Mike, what is this "fake stuff T1-11" you speak of.  Never heard of it, but I would like to know more.

I got some LP "SmartSide" last year to re-side my shed.  I used it the year before in southern MS on a mission trip to re-side a resident's shed.   It appears to be an impregnated sort of OSB with a primer on it.   I did the T1-11 style paneling and did the corners with 1x2 stock.  Too early to tell how mine is doing and did not get to follow up with the owner in MS.  50 year pro-rated warranty.

I will also vote for white on walls. It really enhances the shop experience.

 

You have probably considered this but in putting electrical in for the shop areas outlets every 6 to 8 feet with banked outlets . Use conduit and also put in outlets or empty boxes at bench height.

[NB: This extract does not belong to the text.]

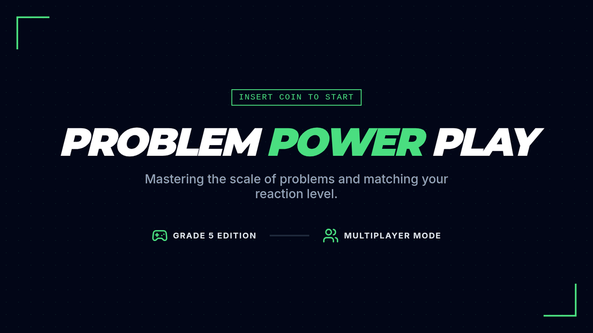 An arcade-themed slide deck for grade 5 students focusing on the 'Size of the Problem' concept. It uses gaming terminology (glitch, boss fight, system error) to help students categorize social and situational problems and match their emotional reactions accordingly.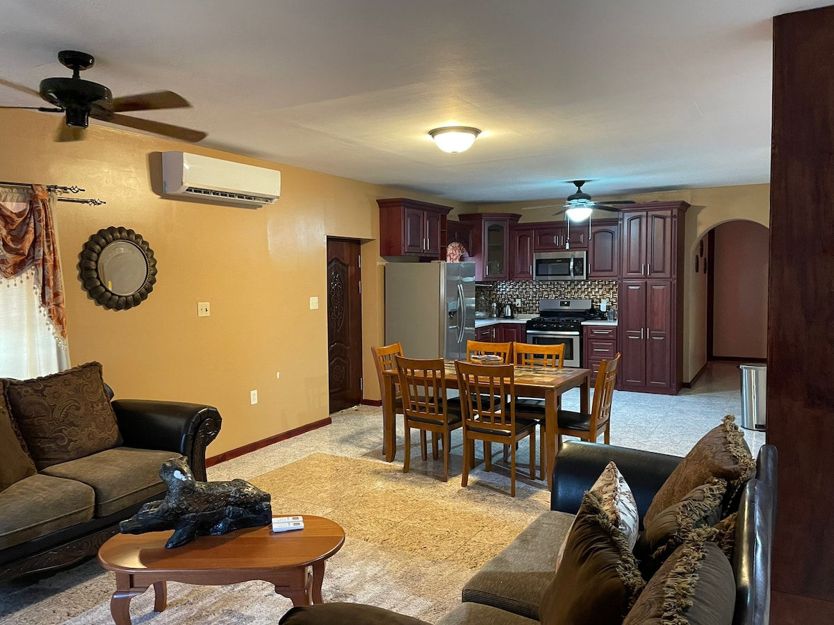 Lovely and Spacious 2 bedroom apartment designed for comfort and convenience. Centrally located in the heart of Skeldon, just minutes away from the Suriname ferry Stelling and the Springlands crossing, restaurants, bars, clubs, shopping area and public transportation. The apartment is family friendly, with all the amenities to make your stay feel like home away from home. Free parking is also available. This unit is fully furnished with 2 queens beds, living room area and a complete kitchen.

You will need air so go ahead and plumb that in too and will save lots of headaches getting it where you need it.

 

I might have missed it but what is the ceiling choice?

  • Author

I am not sure of the ceiling ... it is high .. 16 ft  ... I will put about 24" of insulation in it.

 

Maybe thin plywood or even hardboard ... just something to seal it up and hold up the insulation.

 

Yes, I did that in my last shop .... conduit on the walls and plugs everywhere.  Definitely air.  I worked for a compressor shop once and picked up a good cast iron pressure lubricated two stage.